Corporate Finance & Accounting


What is a payroll?

Payroll is what a business has to pay its employees for a certain period or a given date. It is usually managed by the company’s accounting or human resources department. Payroll for a small business can be handled directly by the owner or partner.

Payroll is increasingly outsourced to specialized firms that handle payroll processing, employee benefits, insurance, and accounting tasks such as tax withholding. Many payroll fintech companies, such as Atomic, Bitwage, Finch, Pinwheel, and Wagestream, are leveraging technology to streamline the payroll process. These solutions pay employees with greater convenience and speed, and provide digital payroll-related documentation with innovative technology-enabled services needed in the gig and outsourcing economy.
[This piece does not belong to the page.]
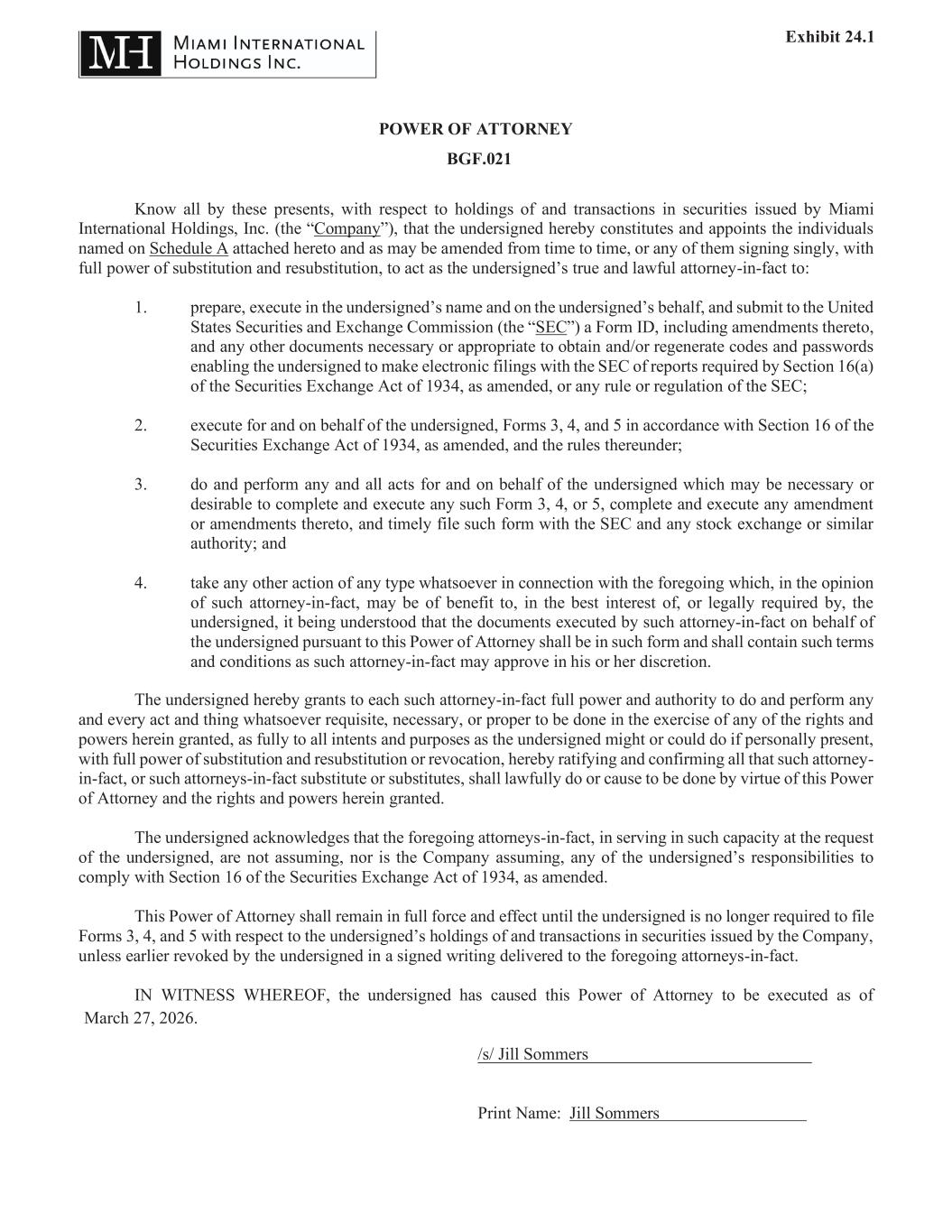 POWER OF ATTORNEY BGF.021 Know all by these presents, with respect to holdings of and transactions in securities issued by Miami International Holdings, Inc. (the “Company”), that the undersigned hereby constitutes and appoints the individuals named on Schedule A attached hereto and as may be amended from time to time, or any of them signing singly, with full power of substitution and resubstitution, to act as the undersigned’s true and lawful attorney-in-fact to: 1. prepare, execute in the undersigned’s name and on the undersigned’s behalf, and submit to the United States Securities and Exchange Commission (the “SEC”) a Form ID, including amendments thereto, and any other documents necessary or appropriate to obtain and/or regenerate codes and passwords enabling the undersigned to make electronic filings with the SEC of reports required by Section 16(a) of the Securities Exchange Act of 1934, as amended, or any rule or regulation of the SEC; 2. execute for and on behalf of the undersigned, Forms 3, 4, and 5 in accordance with Section 16 of the Securities Exchange Act of 1934, as amended, and the rules thereunder; 3. do and perform any and all acts for and on behalf of the undersigned which may be necessary or desirable to complete and execute any such Form 3, 4, or 5, complete and execute any amendment or amendments thereto, and timely file such form with the SEC and any stock exchange or similar authority; and 4. take any other action of any type whatsoever in connection with the foregoing which, in the opinion of such attorney-in-fact, may be of benefit to, in the best interest of, or legally required by, the undersigned, it being understood that the documents executed by such attorney-in-fact on behalf of the undersigned pursuant to this Power of Attorney shall be in such form and shall contain such terms and conditions as such attorney-in-fact may approve in his or her discretion. The undersigned hereby grants to each such attorney-in-fact full power and authority to do and perform any and every act and thing whatsoever requisite, necessary, or proper to be done in the exercise of any of the rights and powers herein granted, as fully to all intents and purposes as the undersigned might or could do if personally present, with full power of substitution and resubstitution or revocation, hereby ratifying and confirming all that such attorney- in-fact, or such attorneys-in-fact substitute or substitutes, shall lawfully do or cause to be done by virtue of this Power of Attorney and the rights and powers herein granted. The undersigned acknowledges that the foregoing attorneys-in-fact, in serving in such capacity at the request of the undersigned, are not assuming, nor is the Company assuming, any of the undersigned’s responsibilities to comply with Section 16 of the Securities Exchange Act of 1934, as amended. This Power of Attorney shall remain in full force and effect until the undersigned is no longer required to file Forms 3, 4, and 5 with respect to the undersigned’s holdings of and transactions in securities issued by the Company, unless earlier revoked by the undersigned in a signed writing delivered to the foregoing attorneys-in-fact. IN WITNESS WHEREOF, the undersigned has caused this Power of Attorney to be executed as of /s/ Jill Sommers__________________________ Print Name: Jill Sommers March 27, 2026. Exhibit 24.1

Payroll can also refer to a list of the company’s employees and the amount of compensation for each. Wages are a major expense for most businesses and are almost always deductible, meaning the expense can be deducted from gross income, reducing the company’s taxable income. Payroll may vary for overtime pay, sick pay, and other variables due to overtime pay, sick pay, and other variables.

key takeaways

  • Payroll is what a business has to pay its employees for a certain period and on a given date.
  • The payroll process can include tracking employee hours, calculating wages, and distributing payments via direct deposit or check.
  • However, companies must also do accounting, record-keeping, and set aside money for Medicare, Social Security and unemployment taxes.
  • If companies don’t want to do it themselves, they can use professional services and outsource payroll or use cloud-based software.
  • Calculating payroll involves many components and can be complex.

Understanding Payroll

Payroll is the process of paying employees of a company, including tracking hours worked, calculating employee wages, and distributing payments by direct deposit to employee bank accounts or checks. However, companies must also perform accounting functions to record wages, withholding taxes, bonuses, overtime pay, sick leave and vacation pay. Companies must set aside and record the amounts to be paid to the government for Medicare, Social Security and unemployment taxes.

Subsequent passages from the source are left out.